The first Jew to set foot in the Land of Israel was the Patriarch Abraham. He purchased the cave of Machpelah in Hebron from the Hittites (as is recorded in Genesis 23:16) as a place to bury his wife, Sarah. Later Abraham himself and the other Jewish Patriarchs and Matriarchs (except for Rachel) were interred there.
This is the same city of Hebron which the media commonly -- and erroneously -- refer to as a "Palestinian" [i.e., "Arab"] city. [Other Biblical cities such as Jericho, Shechem (a k a Nabulus) and other areas] are commonly and erroneously referred to as "Palestinian" or "Arab" cities.
Abraham did not permanently establish a Jewish community in the Land of Israel at the time.
There is considerable debate among academics as to precisely when the Hebrews entered the Promised Land to stay -- though to be sure it is thousands of years before 1948.
Much of this dispute surrounds a record of early Egyptian history known as "the Merneptah Stele," an artifact dating to 1209 or 1208 BCE which was discovered in the first court of Merneptah's mortuary temple at Thebes by Flinders Petrie in 1896. Merneptah was a pharaoh who ruled over Egypt in the late 13th Century BCE.
The stele refers to Israel as a "foreign people" and it is the only ancient Egyptian document generally accepted as mentioning "Isrir" or "Israel."
Merneptah's father, Ramesses II, reigned over Egypt during the period when Moses led the exodus of the Jewish People out of Egypt.
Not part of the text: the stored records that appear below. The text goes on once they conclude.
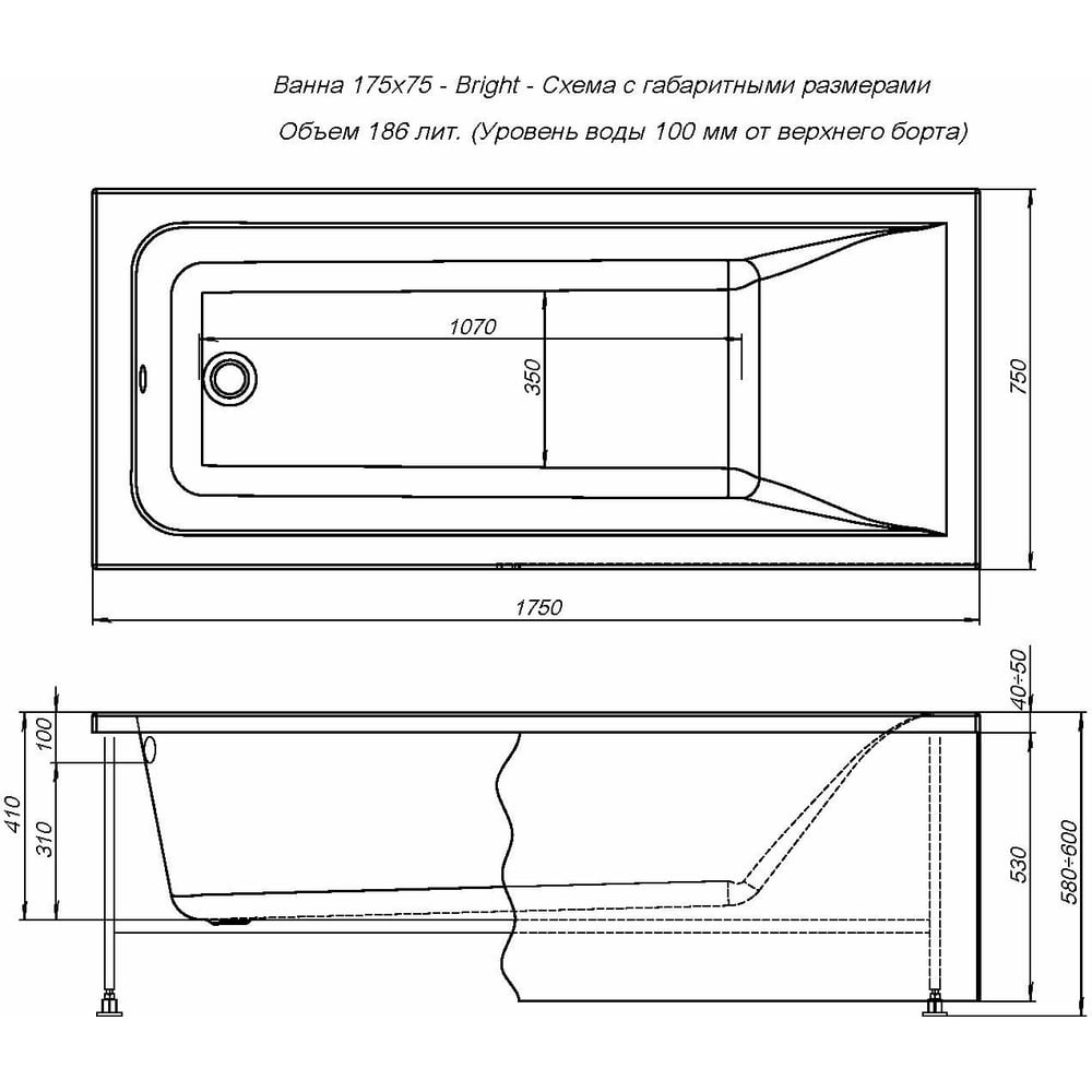 Акриловая ванна на каркасе Aquanet Bright 175х75 00216660
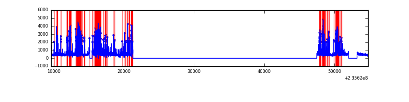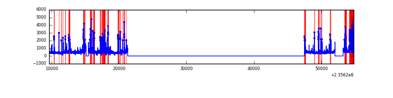 Red curve is a Poisson curve with rate = median count rate of data. |
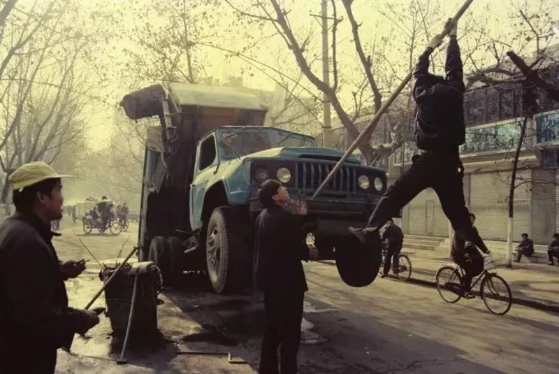 1994年,汉口万松园,司机试图扶正垃圾车。

The Jews then "wandered" in the desert for 40 years before the aforementioned Joshua led them into Canaan/Israel from areas to the east. It was then that the Israelites remained in the Land of Israel (including the areas of Judea and Samaria) and later established Jerusalem as their capital.
Another similar ancient artifact known as The Mesha Stele (also called the Moabite Stone), said to date from the 9th Century BCE, records a victory by Moabite King Mesha over Israel and thus also establishes the fact that Israel existed thousands of years ago.
The government and people of Israel -- and their supporters throughout the world -- must remove the shackles of political correctness and proudly proclaim a legitimate legacy tied to the land of Israel that goes back more than 3,000 years. As the song goes: "Joshua fought the battle of Jericho and the walls came tumbling down." It is high time that the fallacy that Israel is only 60 years old be brought down.
An annual celebration on the 10th of Nisan would mark the occasion and help insure that younger generations - which particularly need to be made aware -- - never forget the Jewish Peoples' true birthright to the Land.
Steve Feldman is a journalist and executive director of the Greater Philadelphia District of the Zionist Organization of America. Robert Sklaroff is a member of the Philadelphia ZOA Board and a physician.